Tip pro: Si trabajas sobre suelos antiguos con azulejos descatalogados, realiza pruebas en una pequeña zona no visible para verificar compatibilidad entre material y color.

Consejos para suelos especiales: azulejos personalizados o descatalogados
Cuando se trata de superficies únicas como azulejos personalizados, o si estás intentando recuperar un suelo con azulejos descatalogados, hay consideraciones especiales:
- Usa lechadas que no modifiquen el color del azulejo. Las versiones traslúcidas o neutras pueden ser tus mejores aliadas.
- Protege las piezas con cinta si son delicadas o con texturas decorativas.
- Realizar pruebas antes de extender en toda la superficie.
- Guarda restos de lechada usada y azulejos de repuesto si tienes, podrían ser vitales en el futuro.
Mantenimiento de las juntas tras el rejuntad
Una vez que has completado el rejuntado, es importante cuidar bien las juntas para que duren muchos años.
- Limpieza regular, evita productos abrasivos. Usa agua templada con un poco de vinagre o limpiadores suaves.
- Evita la humedad constante en baños o cocinas, ventilando bien y secando tras uso intensivo.

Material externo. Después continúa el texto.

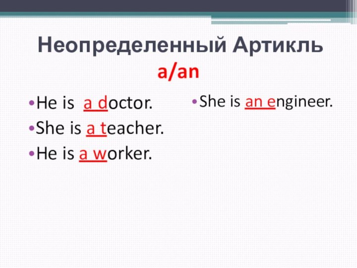 Неопределенный Артикль a/anHe is a doctor.She is a teacher.He is a worker.She is an engineer.
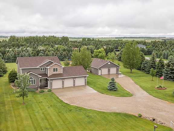 This home is going to make someone very happy!! Located in rural NE Bismarck, on approx 2.66 acres surrounded by mature trees offering privacy and comfort. This desirable home offers 4 bedrooms, 4 bathrooms and MAIN FLOOR LAUNDRY! Enter through the front door and you're greeting by 18' ceilings and gas fireplace in the living room. The kitchen displays a large center island, upgraded appliances and easy care flooring. The laundry room is adjacent to the kitchen and 1/2 bath is right off the garage. Expand upstairs to the master suite thru french doors where you will find a private master bath and walk in closet! There are two additional bedrooms and full bathroom on the upper level. The lower level spotlights a nice sized family room, additional bedroom ,another bathroom and great storage. This Home is full of amenities including 3 Car 28 x 38 garage w/ floor heat, 1360 sq ft detached SHOP w/furnace heating system , AC and pit drain. There is a well on the property for watering the yard and grounds! Don't miss out on the treed lined backyard and room for a great garden spot! Unlock the door and make this your home today!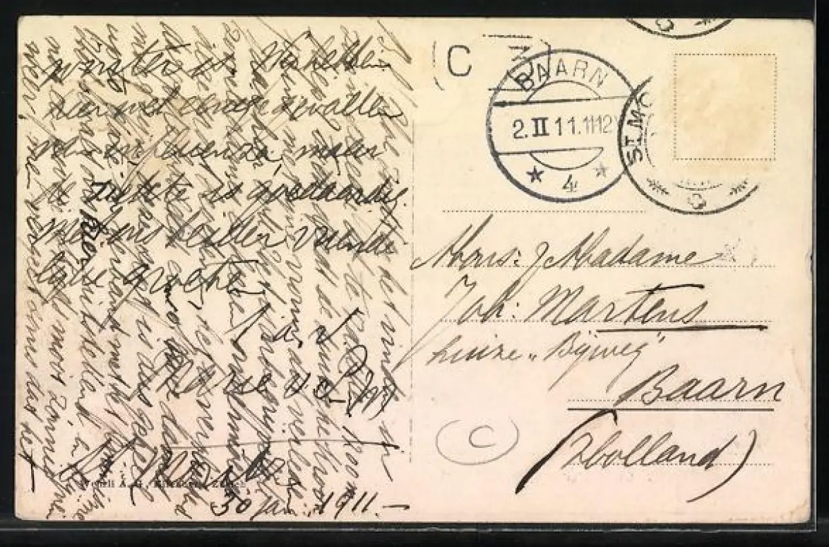 gelaufen 1911, Ecken bestoßen, Briefmarke entfernt, guter Zustand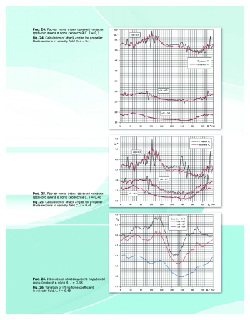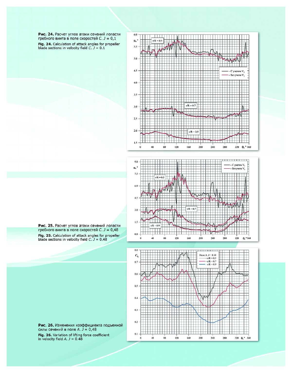 Заключение. Проведенный в первой части анализ условий работы лопастей в неоднородном поле скоростей проводился с акцентом на пропульсивные качества ГВ. Использованы как приближенные экспериментальные, так и современные расчетные методы для оценки углов атаки сечений лопастей. Показано, что диапазон изменения углов атаки для некоторых типов полей скоростей превышает ширину пологого максимума зависимости качества профилей от углов атаки, что обуславливает снижение КПД гребного винта.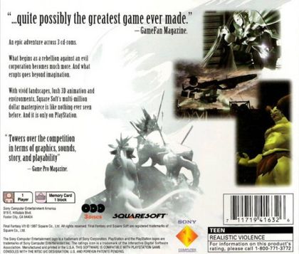 Featuring seamless 3D gameplay and animation, Final Fantasy VII contains hundreds of pre-rendered, computer-generated backgrounds and features real-time battles, vast map screens, and a complex and engrossing storyline. Published on three CDs, Final Fantasy VII will be one of the largest and most richly detailed gaming experiences ever created.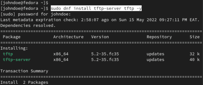 Ви можете легко встановити TFTP Netflix за допомогою менеджера пакетів DNF. Виконайте наведену нижче команду, щоб встановити TFTP-сервер та пакети клієнтів.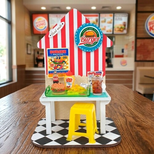 4개입 인쇄 우드 DIY 미니어처 칼라 사각 식탁 테이블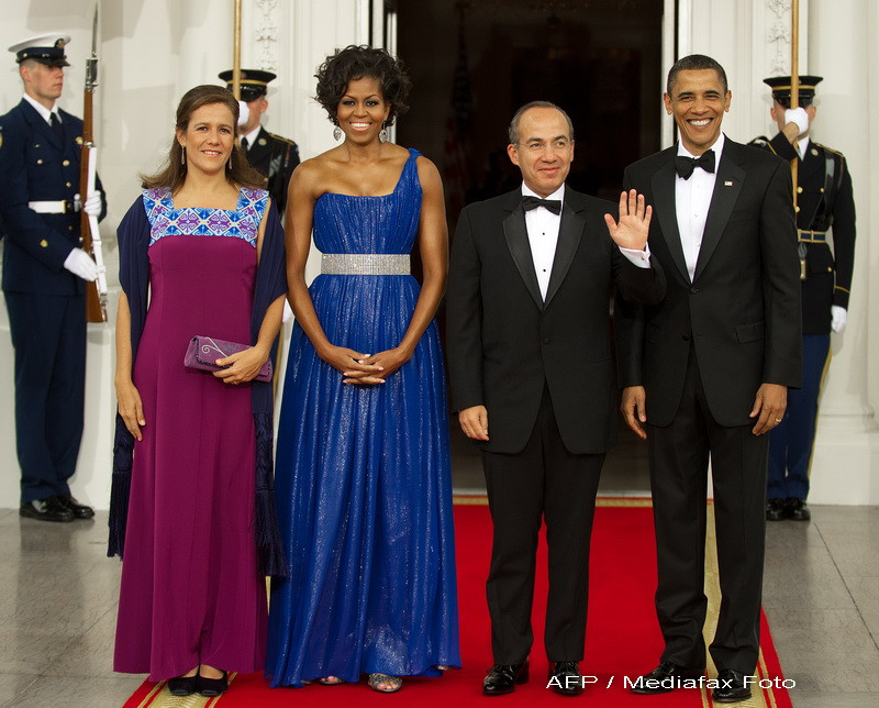 Presedintele Barack Obama si Prima Doamna au fost gazdele perfecte la ultimul dineu oficial tinut la Casa Alba cu ocazia vizitei presedintelui Mexicului, Felipe Calderon si sotia sa, Margarita Zavala.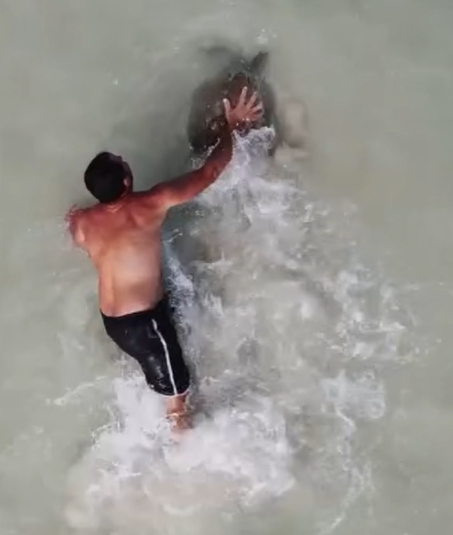 Imagens registradas na Praia Grande mostram homem segurando animal após captura em rede de pesca; caso repercute nas redes sociais

- Sellado periódico cada 1-2 años, reaplica un sellador si es una zona de alto tránsito o húmeda.
- Inspección visual: si notas grietas o cambios de color, actúa pronto antes de que el daño sea mayor.

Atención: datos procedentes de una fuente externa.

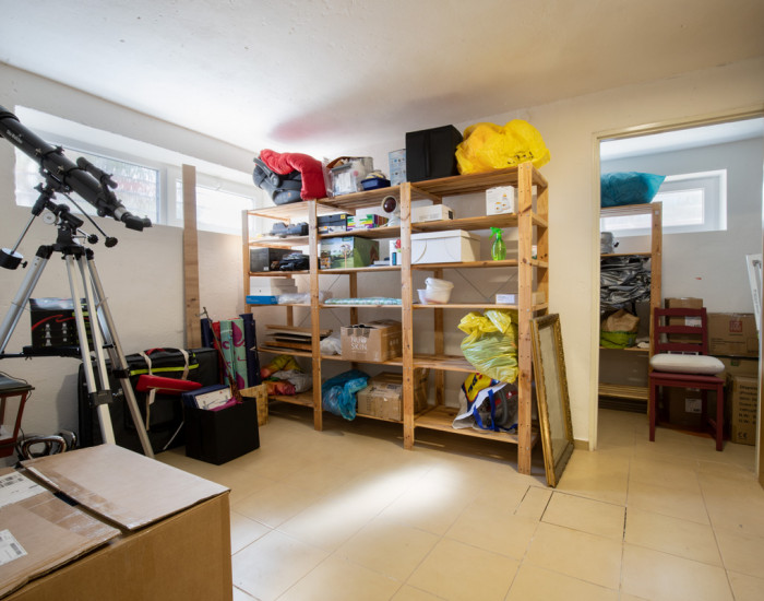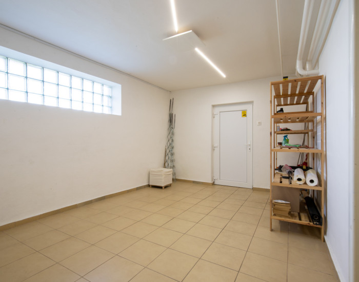 DISPOZÍCIA: 3 samostatné spálne na poschodí, priestranná spoločenská miestnosť na prízemí, 2x WC a kúpeľňa, kuchyňa, špajza, garáž, pivnica. Poschodie je kompletne zrekonštruované určené na bývanie. Na prízemí je možnosť zriadenia telocvične (pôvodne táto miestnosť bola využívaná na cvičenie jogy a meditácie pre viac ako 15 ľudí). V takomto prípade sa dá vytvoriť na prízemí šatňa aj sklad na športové pomôcky. Priestranný skladovací priestor v suteréne (100m² s viacerými miestnosťami) je vhodný na prevádzkovanie napr. internetového obchodu, alebo podnikovej predajne.
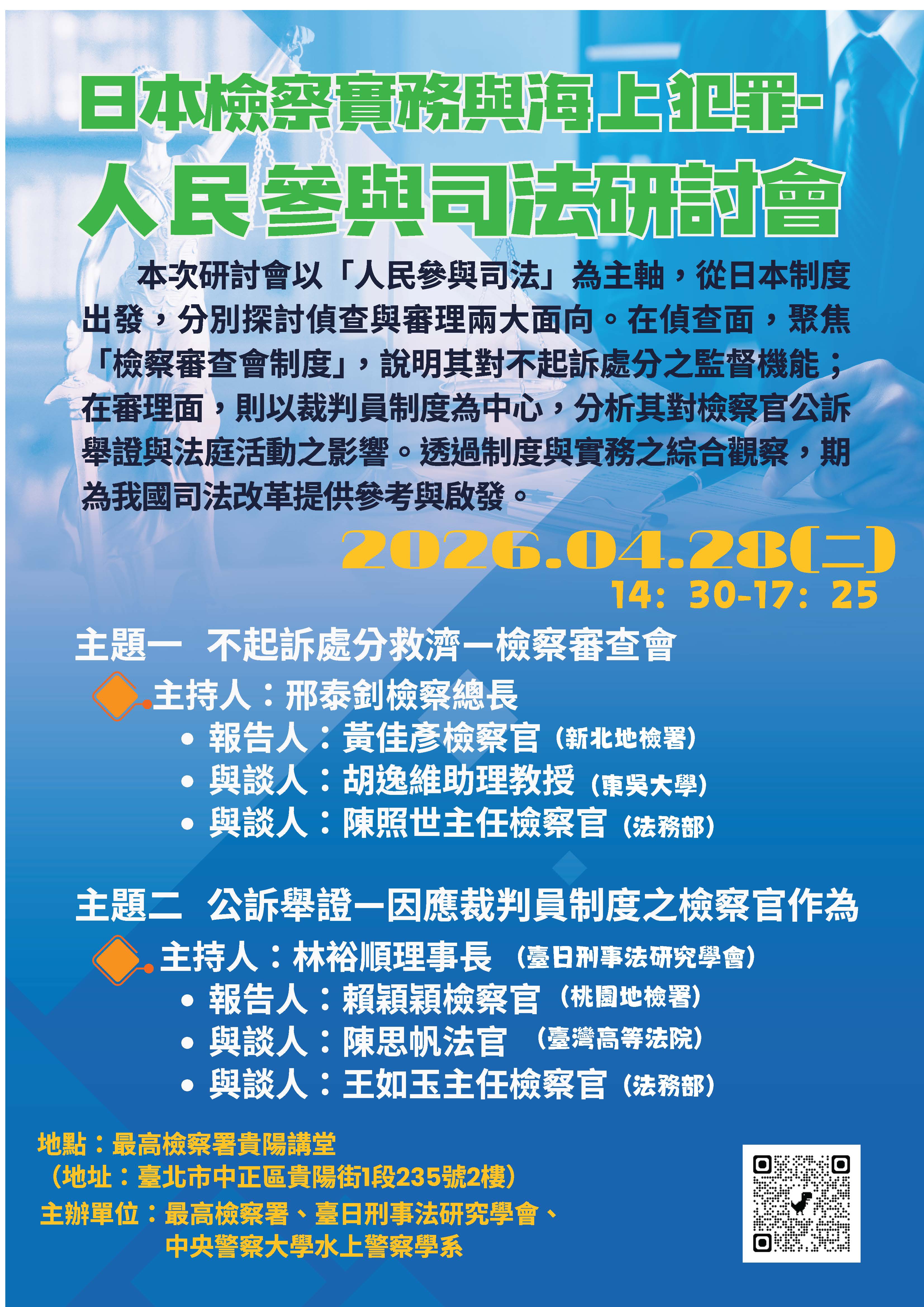 <會外課程>最高檢察署與臺日刑事法研究學會、中央警察大學水上警察學系115年4月28日(星期二)14:30「日本檢察實務與海上犯罪-人民參與司法」研討會

Preguntas frecuentes sobre el rejuntado de baldosas
¿Puedo aplicar nueva lechada sobre la antigua?
Sí, pero solo si la original está firme. En caso contrario, lo ideal es rasparla.
¿Qué color de lechada elegir?
Depende del efecto que quieras. Un tono similar al de la baldosa crea continuidad, uno contraste genera diseño.
¿Cuánto tiempo tarda en secar?
Entre 12 y 24 h en condiciones normales. Si es epóxica, podría ser más rápido.
¿Puedo usar la misma lechada para interior y exterior?
No siempre. Para exteriores, asegúrate de que sea impermeable y resistente a heladas.
Renueva tu suelo y alarga su vida úti
Rellenar las juntas de las baldosas del suelo no solo renueva el aspecto de cualquier espacio, también refuerza su estructura, lo protege de la humedad y prolonga su durabilidad. Es una tarea sencilla que puedes hacer tú mismo con un poco de paciencia, las herramientas adecuadas y una buena planificación.
Ya sea que estés trabajando con un suelo clásico, con azulejos personalizados, o quieras recuperar una zona con azulejos descatalogados, ahora tienes todo lo necesario para afrontar el trabajo con confianza y lograr un acabado profesional.